According to informal sources, OpenAI’s GPT-2, introduced in 2019, was trained on 300 million tokens of text data and had 1.5 billion parameters. OpenAI’s GPT-3, also known as ChatGPT, was trained on about 400 billion tokens of text data and had 175 billion parameters. The details of the recent ChatGPT model, GPT-4, have not been publicly disclosed, but estimates of its size range from 400 billion to 1 trillion parameters and a humongous dataset of about 8 trillion text tokens for training.3 Put another way, the workload of training GPT-3 is about 150,000× as much as GPT-2’s, and training GPT-4 requires about 50× to 120× more computing than GPT-3. OpenAI has also capped the number of messages that users can send to GPT-4 because inference puts a strain on compute resources.4

Most AI tasks’ workloads are associated with arithmetic operations (typically matrix-matrix or matrix-vector multiplication), either on training or inference (apart from data fetching). The computational intensity of training an AI model equals the product of the training time, number of computing instances used, peak FLOPS and utilization rate. Therefore, power consumption is linearly dependent on time (training or inference), the number of parallel computing instances (CPU, GPU, TPU, AI accelerator and the like), the computing power of an instance (e.g., FLOPS) and the utilization rate (i.e., the fraction of the time a GPU is running tasks when the model is trained).
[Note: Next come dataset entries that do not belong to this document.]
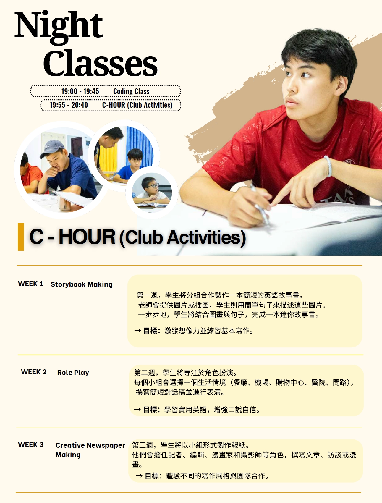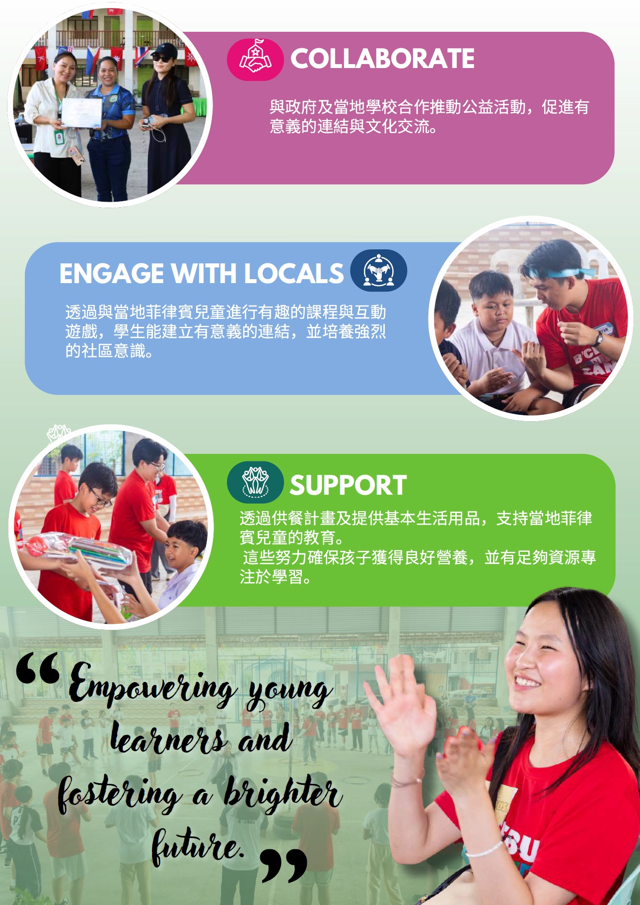 營隊開始前會接受完善的培訓與模擬教學。 - 提供全方位支援提供全方位支援,確保學員享有輕鬆且安全的訓練課程。(接送、英語訓練、宿舍、餐飲、活動、洗衣等)。
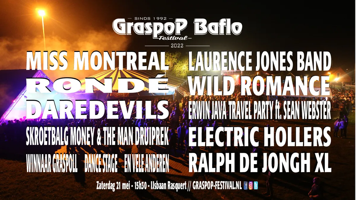 Omschrijving: Zoals elk charmant festival in het Noorden is Graspop Baflo begonnen als initiatief van de jeugdsoos dat geleidelijk aan uit de hand gelopen is. Op het affiche van het festival, dat tegelijkertijd met het Piratenfestijn plaatsvindt, staan onder andere Miss Montréal, Money & The Man, Daredevils en RONDÉ.
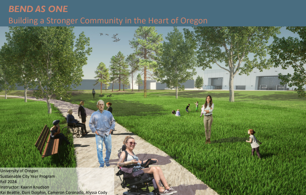 Co-authored the final design proposal for the City of Bend, compiling research and designs from four teams representing equity, transportation, sustainability, and placemaking themes. The proposals offer a vision for a resilient, inclusive, and vibrant space that enhances the quality of life for residents in Bend’s eastside community.
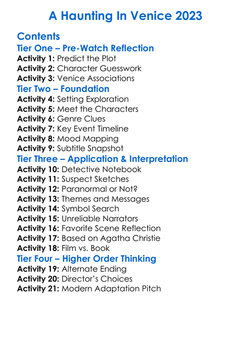 A Haunting In Venice 2023 Worksheet Activity Booklet
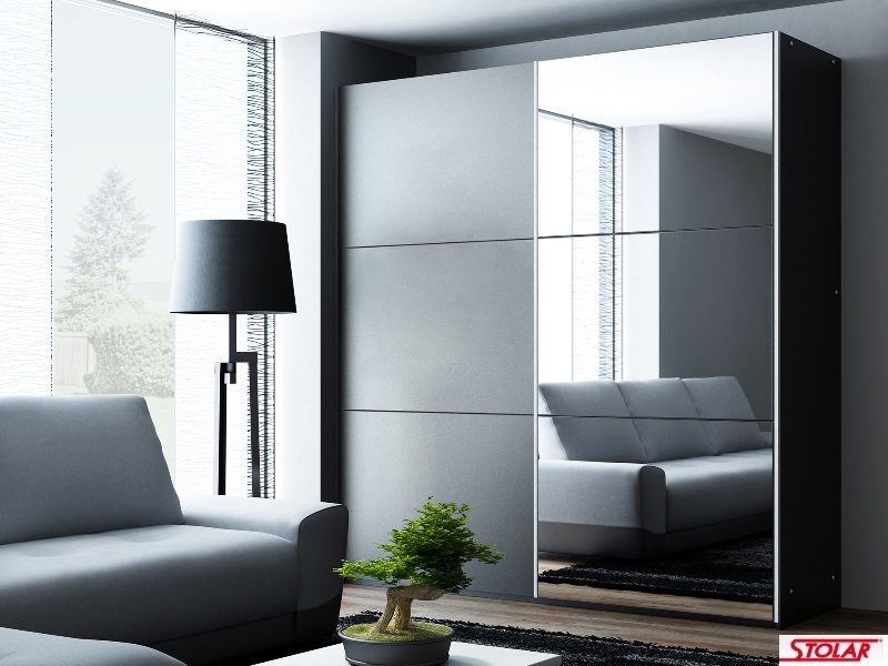 Zgrabna, proporcjonalna bryła, duże lustro oraz poziomy trójpodział powierzchni drzwi dodaje szafie współczesnego charakteru.
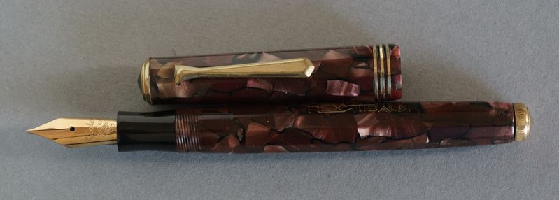 Foto di una penna Tibaldi. Modello: Rex. Caricamento a torsione. Realizzazione in celluloide marmorizzata rossa. Misura media. Modello sfaccettato, clip a cravatta. Contributo di Roberto Vetrugno (utente forum.fountainpen.it roberto v).
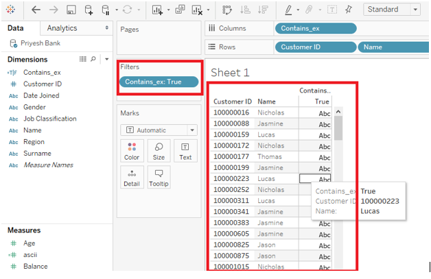 Use Case: You can put a dimension in place ‘Maharashtra’ and visualize the data. For example, if you have a dimension named “NAME” which contains the name of all customers of your bank and if you want to get the customer IDs of all employees whose name contains “as” in their name then you can use below query in your text editor. You also need to apply a filter so that you get customer IDs with the result as ‘True’.

Figure 1 illustrates the power breakdown of a typical GPU,5 in which the cores consume about 50% of the total power, and off-chip memory and memory controller consume the remaining 50% (the breakdown is similar for CPUs).
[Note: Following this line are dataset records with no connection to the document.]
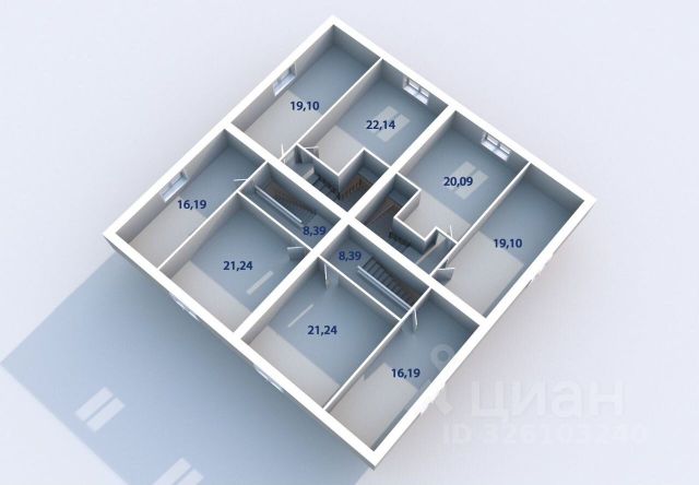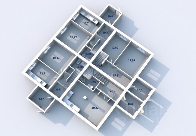 2 этаж: (высота потолка 3,2 м): гостиная 46,4 м2, санузел с сауной 13,1 м2, гостиная 32,6 м2, холл 24,1 м2, спальня 19,4 и 25,5 м2, ванная 15,6 м2; 3 этаж: холл 154,8 м2 (общая 185,1 м2).
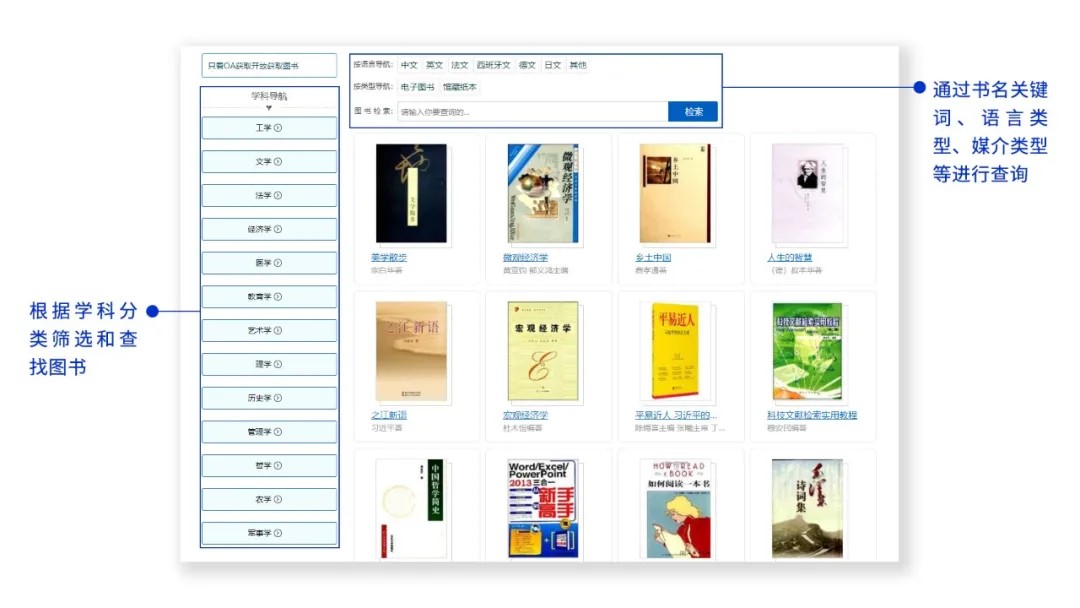 可通过图书关键词、语言类型、媒介类型、学科分类进行筛选。
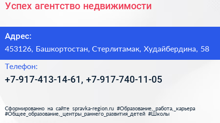 Успех, агентство недвижимости по адресу 453126, Башкортостан, Стерлитамак, Худайбердина, 58 в дальнейшем Организация, размещена в следующих категориях:
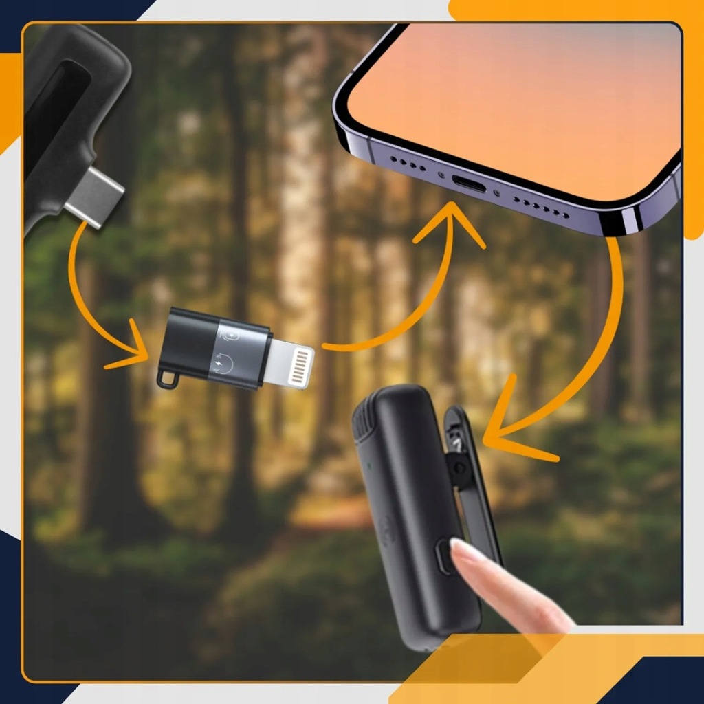 BEZPRZEWODOWY MIKROFON KRAWATOWY PODWÓJNY DO iPhone ANDROID USBC + Lighting

Typical power breakdown of a GPU.
Figure 1: Typical power breakdown of a GPU: cores (50%), memory controller (20%) and DRAM (30%) (Source: Zhao et al., 20135)

Therefore, the server processor power consumption is significant. According to a report from infrastructure provider Vertiv, 1 W of power saved at the server processor translates into a total savings of 2.84 W across the data center.6 Figure 2 illustrates how a 1-W power savings at the processor affects different components of the data center and leads to about 3× power savings in total. For example, 1 W saved at the processor leads to a 0.18-W savings in DC/DC power conversion, 0.31 W in AC/DC power conversion and so forth. Notably, 1.07 W of cooling power is saved for every watt of processor power saved.
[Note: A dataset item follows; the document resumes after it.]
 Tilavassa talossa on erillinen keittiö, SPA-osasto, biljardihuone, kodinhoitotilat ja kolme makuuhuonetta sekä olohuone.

Power savings accumulation through the data center units resulting from a 1-W power savings at the processor.
Figure 2: Power savings accumulation through the data center units resulting from a 1-W power savings at the processor. From left to right, the bars plot the accumulated power consumption savings across the data center. (Source: Vertiv, 20236)

The current average rack density is about 10 kW per rack.7 Therefore, a savings of even a few percentage points at the server processor can translate into significant power savings at the rack level and positively affect both electricity usage and greenhouse gas emissions.

While the advancement of processors’ performance is power-limited, other factors can’t be ignored. Usually, we seek to maximize the metric shown in the following equation:

Performance ÷ (Cost × Area × Power)

where performance is the number of floating-point or integer operations per second and where die cost, area (mm2, reticle-size limited) and power (W) are self-explanatory. From an environmental perspective, the primary objective is to maximize the performance-to-power ratio. Improving performance in parallel to reducing power consumption is usually a conflicting requirement. There is a vicious circle that works against maximizing this equation, as its variables are interrelated via their mutual dependence on the transistor density (technology node), transistor count, memory size, clock frequency, driving voltage, number of cores and threads, wafer yield and more.

We are already practicing power management techniques, such as voltage-frequency scaling and clock gating. Logic synthesis and physical design optimization can also come to the rescue. So what’s next?

Gate-all-around technology will increase the driving current per area in tandem with better channel control that reduces static (leakage) power. Dropping the nominal core voltage (VDD) to 0.65 V would further save on dynamic power (compared with FinFET-based processors). Novel advanced logic approaches are emerging, such as Quasi-CMOS, in which a modified circuit topology enables a significant improvement in the performance-to-power ratio.8

Furthermore, the best possible performance-to-power ratio for a specific application may not be attainable via a general-purpose processor but rather via a special processor architecture that is specifically designed to maximize the ratio of performance to power consumption. Full-custom ASIC processors are already deployed for video and recommender systems as well as AI training and inference; this trend will increase and allow for squeezing more performance/power juice. In this context, application-specific instruction set processors (ASIPs), in which the instruction set architecture is optimally tailored for a specific application, are a viable solution for additional environmental gains.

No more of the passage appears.